_YOUR TASK_
What you return should match the data below exactly, with no pictures in it.

_RAW DATA_

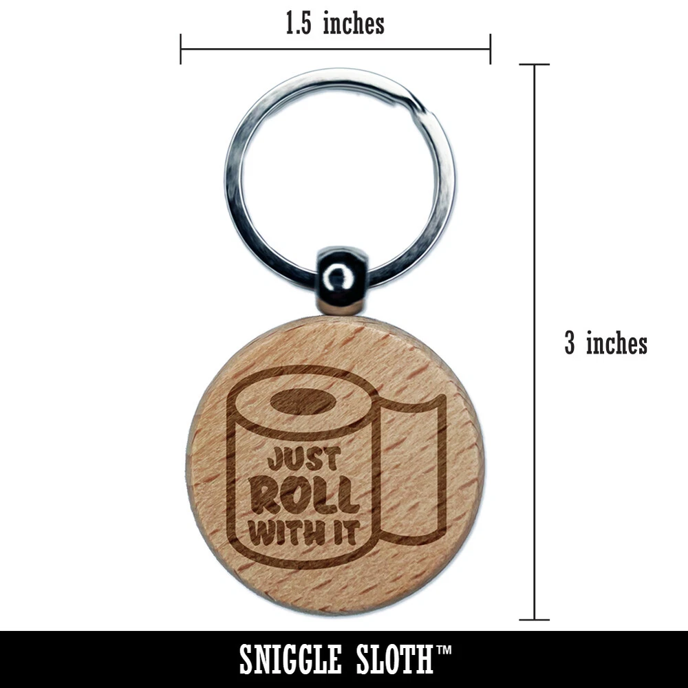 Just Roll with it Toilet Paper Engraved Wood Round Keychain Tag Charm
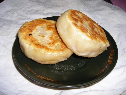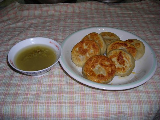3.平底鍋加少許油放入餡餅煎至底部上色.加入半杯水(水中加1茶匙醋和少許麻油)蓋上鍋蓋煎至沒有水聲.淋入少許油.在煎至兩面金黃即可.
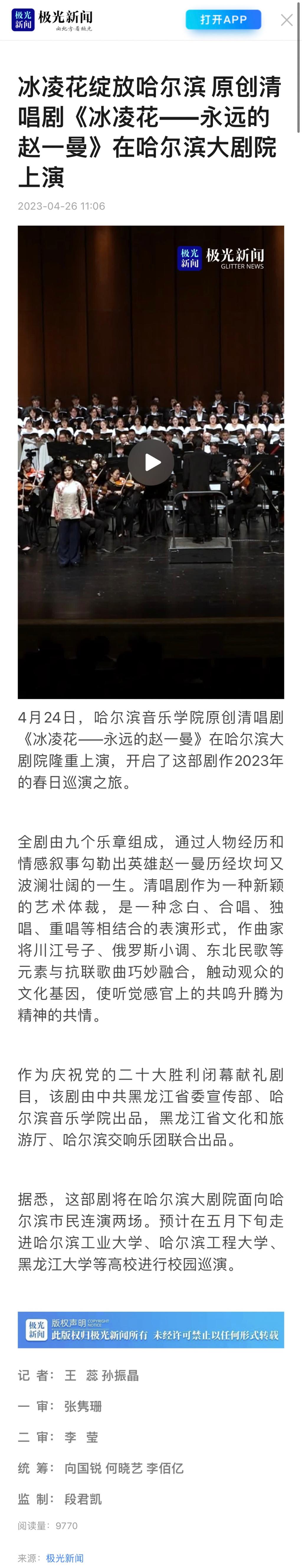 下一条:龙头新闻:原创清唱剧《冰凌花——永远的赵一曼》在哈尔滨大剧院开启春日巡演
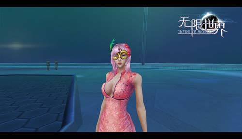 戴着黑色兔耳朵面具的金发女郎抓着头发

_THE ANSWER_
 Just Roll with it Toilet Paper Engraved Wood Round Keychain Tag Charm
3.平底鍋加少許油放入餡餅煎至底部上色.加入半杯水(水中加1茶匙醋和少許麻油)蓋上鍋蓋煎至沒有水聲.淋入少許油.在煎至兩面金黃即可.
 下一条:龙头新闻:原创清唱剧《冰凌花——永远的赵一曼》在哈尔滨大剧院开启春日巡演
 戴着黑色兔耳朵面具的金发女郎抓着头发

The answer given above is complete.